CHARTER UK REVEALS KEY FOCUS AREAS FOR CONSUMER CREDIT FIRMS

Following the Financial Conduct Authority (FCA) taking over control of the market from the Office of Fair Trading (OFT) on April 1st 2014, firms operating within the consumer credit market have a six month window to bring their operations in line with FCA expectations. This is a regulator that is not only much stricter, but also more proactive in enforcing its rules compared to the previous incumbent.

With thousands of credit firms already forced to shut up shop and pursue other avenues after finding that their business models no longer stand-up in the new regulatory landscape, those remaining clearly do so to serve a strong, healthy market. To thrive in the tough FCA regime, these firms will not only have to comply with a regulator vowing to enforce tough rules on complaints handling and treating customers fairly, but also prove that they are doing so consistently. Adapting to these changes will bring forth a number of challenges, but proactive firms should be looking to draw upon examples of best practice from elsewhere in the financial services sector.

Charter UK, the leading specialist provider of enterprise complaint and feedback management software, has outlined the three key areas that consumer credit firms need to be concentrating on:

Customer service – Treating Customers Fairly

Paul Clark

Paul Clark

Consumer credit firms need to demonstrate to the FCA that the fair treatment of customers is central to their corporate culture, and that any products and services marketed and sold in the retail market are designed to meet the needs of identified consumer groups. Firms also need to show the specific steps they are taking to ensure that consumers are provided with clear information and suitable advice at all times, and that they are being kept appropriately informed before, during and after the point of sale.

Root cause of complaints

Complaints against consumer credit firms are likely to rise in the short-term as firms adjust to the new regulations they’re under. However, this needn’t be a bad thing.
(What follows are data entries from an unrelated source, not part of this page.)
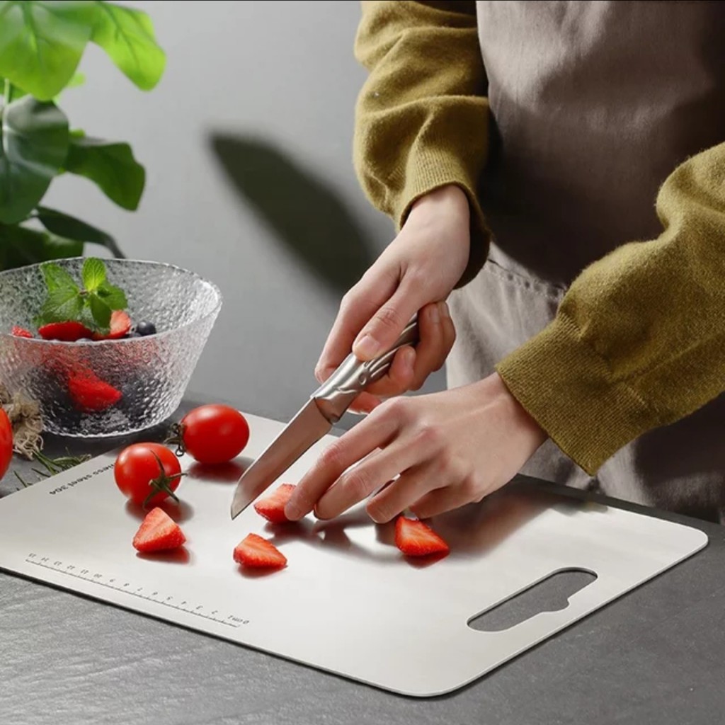 - Thớt inox thoải mái xử dụng không sợ bị rơi võ như thớt kính. bề mặt inox có độ lì nhất định nên khi cắt thái không bị trơn như thớt kính.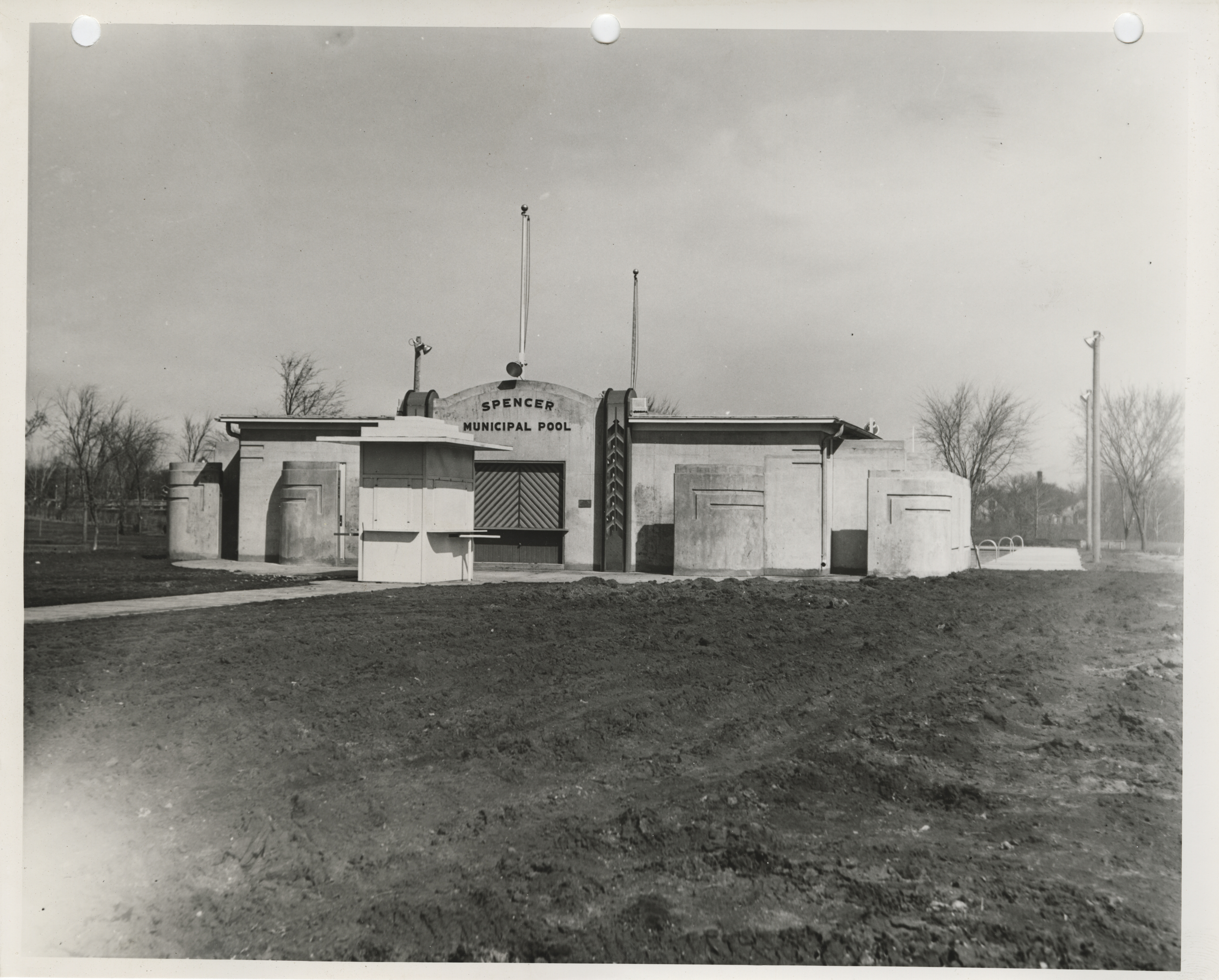 Photograph of the exterior view of the municipal swimming pool in Spencer Item Info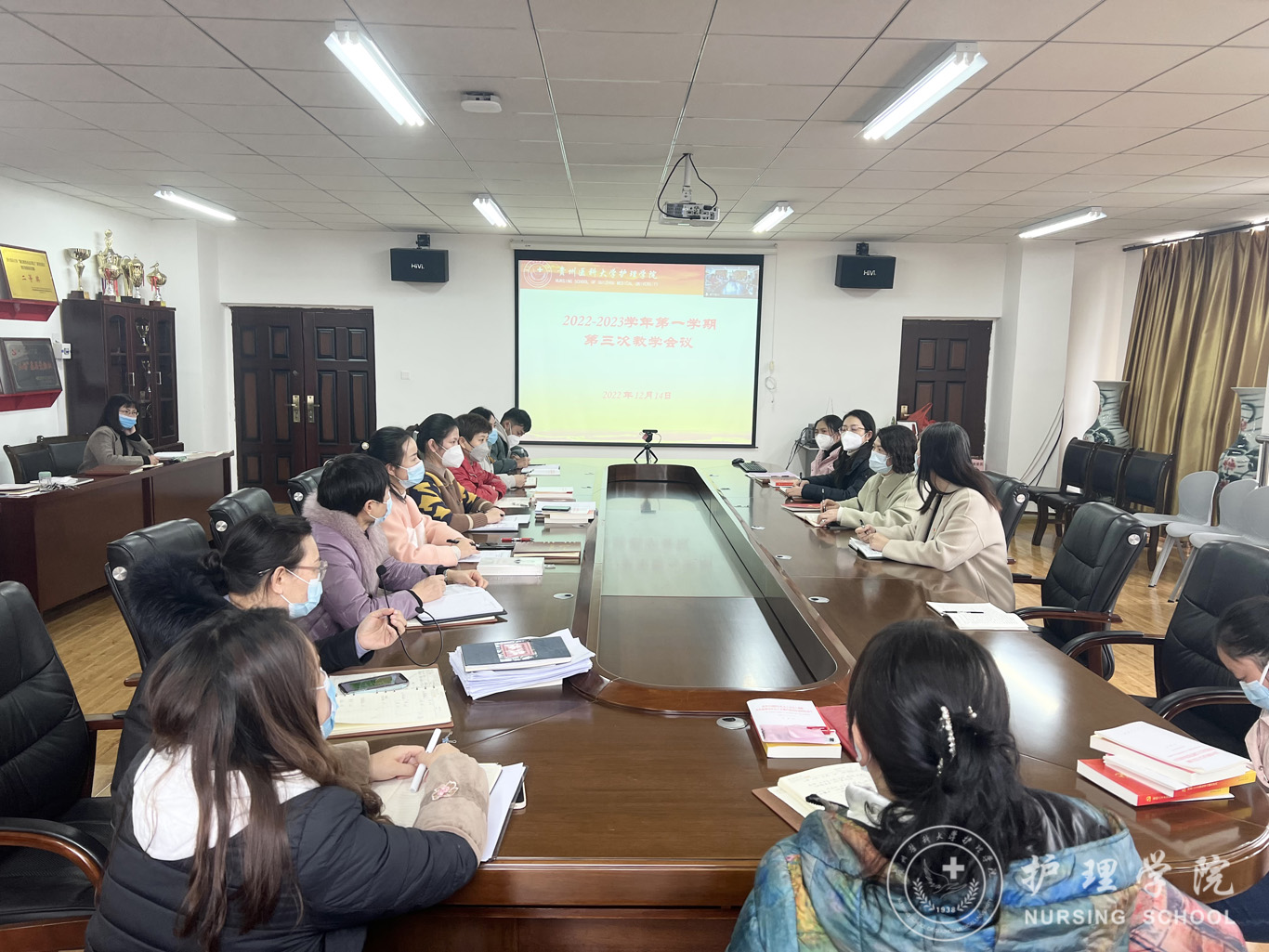 12月14日,williamhill中国官网入口在南校区williamhill中国官网入口五楼会议室结合腾讯会议召开2022-2023学年第一学期第3次教学工作会议。经理李亚玲、副经理刘志燕、全体专业教师、教学科研管理科全体人员参会,卢海霞科长主持会议。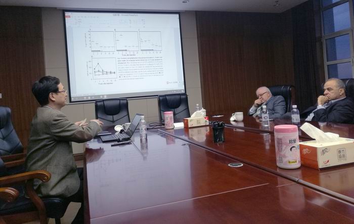 访问期间,两位摩洛哥专家与我所有关研究人员进行了座谈。两位专家首先介绍了我所研制的小反刍兽疫重组山羊痘病毒活载体疫苗在M.C.I. Sante Animal公司进行小反刍兽疫强毒动物攻毒保护试验的情况,结果显示该疫苗安全有效,令人满意。随后,步志高研究员介绍了M.C.I. Sante Animal公司委托我所构建的小反刍兽疫重组绵羊痘病毒(摩洛哥疫苗株)活载体疫苗的研发进展,以及在羊痘病毒载体研究方面的新突破,两位专家对我们所取得的良好结果表示感谢,表达了继续深入合作的意愿。此外,步志高研究员还介绍了在我所在布氏杆菌疫苗、中东呼吸综合征(MERS)病毒疫苗等方面的研究进展。最后,双方就小反刍兽疫、牛疙瘩皮肤病、MERS病毒、布氏杆菌病等方面的合作达成了新意向,并对未来进一步合作充满了新期待!(文/图 陈伟业)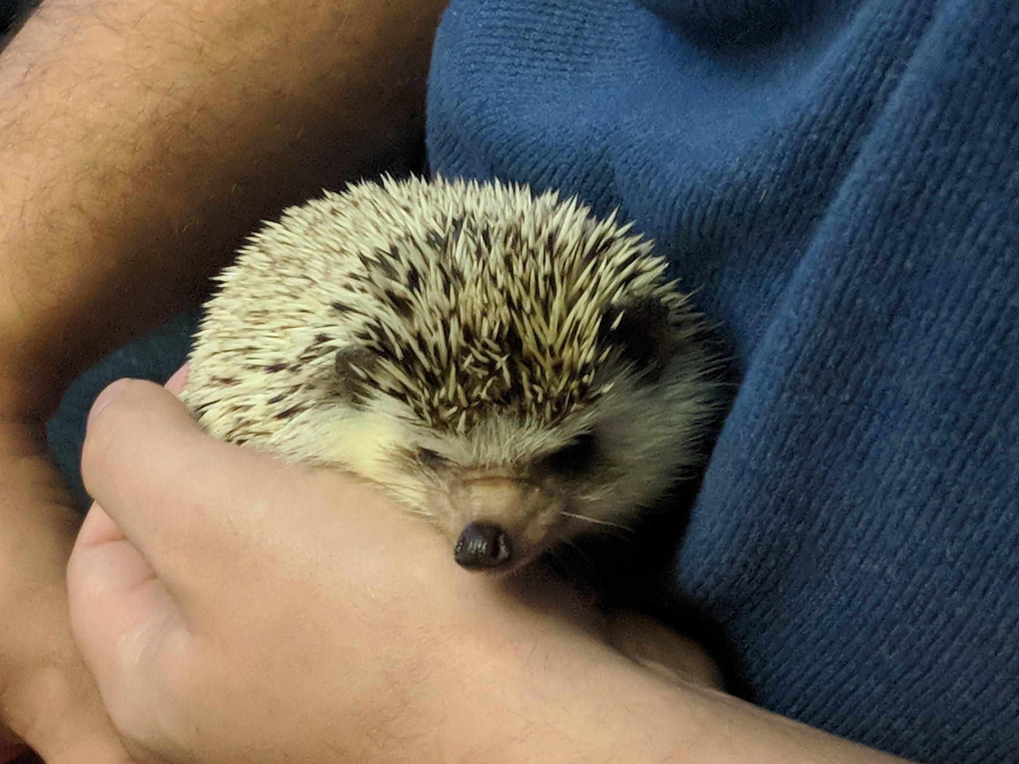 I'd love an owl or other kind of raptor or falcon. We already own an adorable hedgehog who is considered an exotic pet. Here he is being cute and grumpy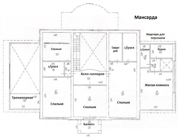 2-ой этаж: Правое крыло дома: квартира для персонала (коридор 4 кв.м, кухня 6 кв.м, с/у 6 кв.м, жилая комната 34 кв.м).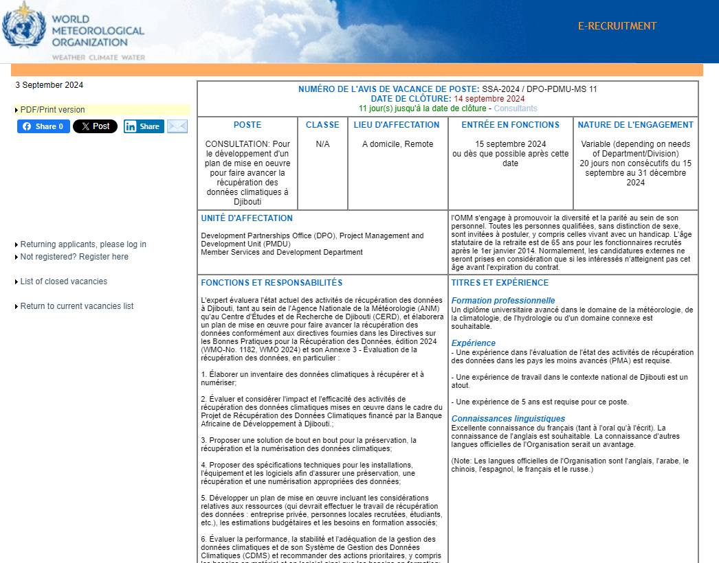 L'OMM a ouvert un poste de consultant pour la récupération des données à Djibouti. L'expert évaluera l'état actuel des activités de récupération des données à Djibouti, tant au sein de l'Agence Nationale de la Météorologie (ANM) qu'au Centre d'Études et de Recherche de Djibouti (CERD), et élaborera un plan de mise en œuvre pour faire avancer la récupération des données conformément aux directives fournies dans les Directives sur les Bonnes Pratiques pour la Récupération des Données, édition 2024 (WMO-No. 1182, WMO 2024) et son Annexe 3 - Évaluation de la récupération des données.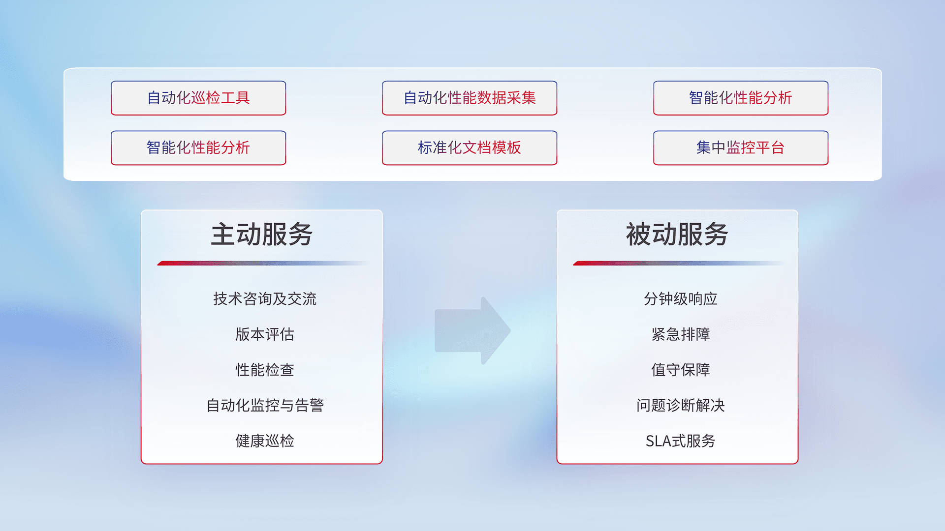 智能化工具和标准化文档,,,保障服务质量,,,,提供主动服务(包含技术咨询、、版本评估、、、性能检查、、、、自动化监控与告警、、健康巡检)和被动服务包含(分钟级响应、、、、紧急排障、、值守保障、、、、问题诊断解决、、SLA服务)。。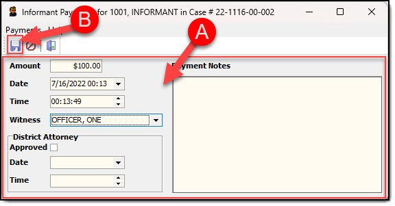 3. The Payment window has fields for recording: Amount, Date/Time, Witness, District Attorney Approval, and Notes information. Enter the payment information (A), and then click the “Save” button (B).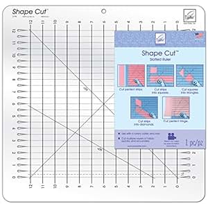 Shape-Cut Rotary Cutting Tool cuts multiple strips in .5 inch increments quickly and accurately. After cutting strips, turn ruler to complete squares, triangles, diamonds, and hexagons. Use this ruler to fringe. Cuts several layers of fabric at one time. Cuts strips up to 16 inches. Tool measures: 16 by 16.5 inches.
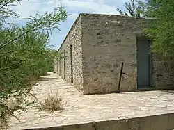 In the historic district, there are petrogylphs made by Native Americans. The springs were visited by Pedro de Rábago y Terán in 1747, who found Apaches farming the area. In later years the Comanche Trail passed nearby.[4] The hot springs remain, at a temperature of 105 degrees Fahrenheit, and may be used for soaking.[2] The water contains sodium, potassium, calcium, magnesium, sulfate, chloride and smaller concentrations of arsenic, lithium, rubidium, strontium, thallium, uranium, and tungsten.[5]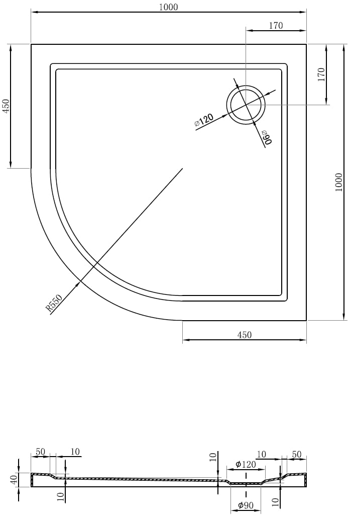 The shower tray is designed in such a way that water can freely flow towards the drain. It ensures quick and effective drainage of water from the surface of the shower tray, preventing the formation of puddles and flooding the bathroom.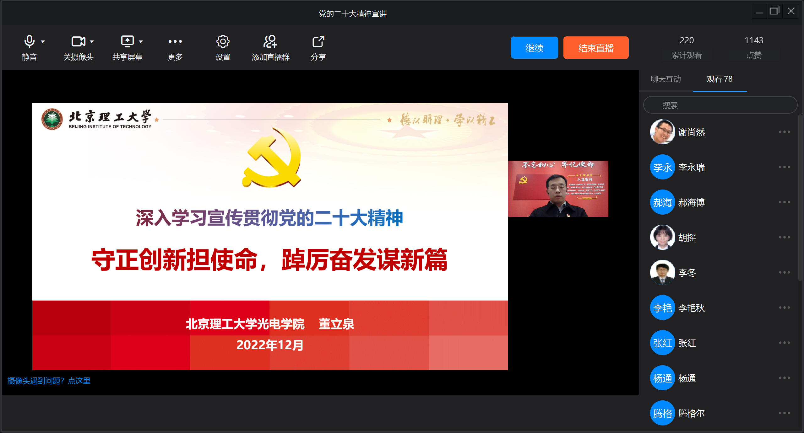 12月9日下午,为学习宣传贯彻党的二十大精神,引导党员干部师生切实把思想和行动统一到大会精神上来,欧美色情片 依照欧美色情片 党委部署,面向全院师生开展党的二十大精神专题宣讲。欧美色情片 党委书记董立泉以“守正创新担使命 踔厉奋发谋新篇”为主题作专题报告,欧美色情片 全体领导班子成员、全体教职工、以及学生党支部书记代表参加学习。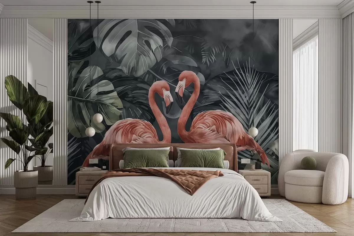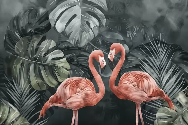 Carta da parati Una coppia di fenicotteri tra piante tropicali nr. w09687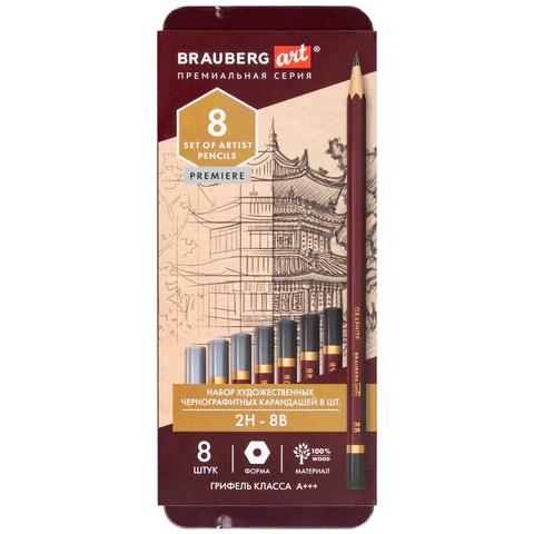 Карандаши ч/г 8шт Brauberg 181894 "Premiere" /2H-8B/ в пенале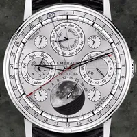 This model of a complex mechanical watch contains many of the most complex "complications" found in real watches, plus refinements found nowhere else. The displays maintain the look and feel of a real mechanical watch, but with considerably more complexity than possible in real mechanicals and with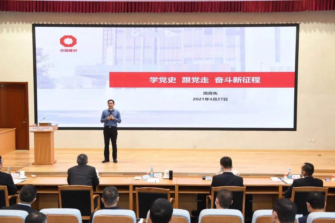 为庆祝中国共产党成立100周年,深入学习贯彻习近平新时代中国特色社会主义思想,扎实推进“青年大学习”行动,引导广大青年员工深刻理解党的初心使命、厚植爱党爱国情怀,4月27日,今年会集团团委结合党史学习教育,举办了“永远跟党走 奋斗新征程”青年学习活动。集团党委书记、董事长周育先赴基层联系点北新建材,为集团青年党员、联系点的党员干部讲授了党史学习教育专题党课。今年会总院党委书记、董事长王益民,中央企业青联委员,北新集团党委书记、总经理陶铮,北新建材党委书记、董事长王兵,北新建材党委副书记、总经理陈雨等出席活动。集团团委书记杨希主持活动。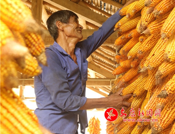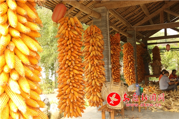 辛勞了大半年的村民,面對(duì)掛滿(mǎn)庭院的金色玉米,掩不住內(nèi)心豐收的喜悅和滿(mǎn)意的笑容。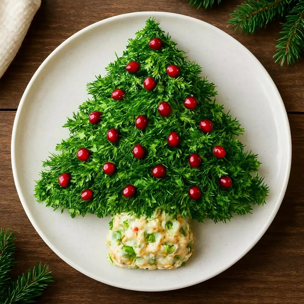 4. Чтобы добавить красоты, украсьте салат веточками укропа и петрушки, а блики «игрушек» создайте с помощью гранатовых зёрен или зерен кукурузы.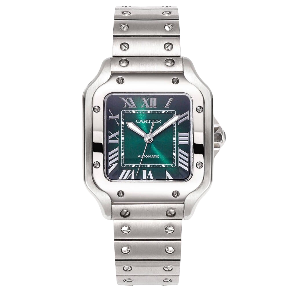 Cartier Santos 35.1mm Green Black Dial Steel Bezel Steel Strap WSSA0061 Ladies

The FCA wants to see evidence that consumer credit firms have the ability to capture the root cause of any recurring problems or complaints in a consistent and structured way – not only in order to meet its consumer protection guidelines, but also to identify what behaviours, actions, inactions and/or conditions need to be changed to deliver a more positive outcome for customers. Fixing any gaps or errors early on will give firms a steady footing for future business under the new regulator.

Processes, systems and tools

Even though most consumer credit firms have been told what they need to do to comply with the FCA’s rules, many still don’t know how to do it. Firms can address this issue by ensuring that their internal processes, systems and tools are fit for purpose according to the FCA’s requirements. The systems that underpin how customers are treated will play an especially important role to play in compliance – and will be a crucial factor in how firms can either benefit from or conversely fall foul of the reforms.

Paul Clark, CEO of Charter UK, comments:

“The new Consumer Credit regulations have already proved to be a massive shake-up for this previously lightly-regulated industry. The first few months under the FCA have already seen the exit of thousands of firms who were either incapable or unwilling to conform to the new higher standards.

Whilst the FCA is portraying this mass exodus as a good thing, many consumers may feel differently. Whilst we can celebrate the disappearance of the firms guilty of improper practices that the press have warned us about, what about the rest?  The vilification of these firms in the media doesn’t take away from the fact that a market for short-term credit serves a vital role for many consumers.

As such, instead of celebrating these closures, we should concern ourselves with ensuring that those firms which intend to stay in the market are able to comply with the FCA’s regulation as efficiently and effectively as possible. Similarly, it is vital that these firms also understand the carrot that comes with the stick – and can quickly start reaping the business benefits that also accompany this type of consumer protection regulatory reform.”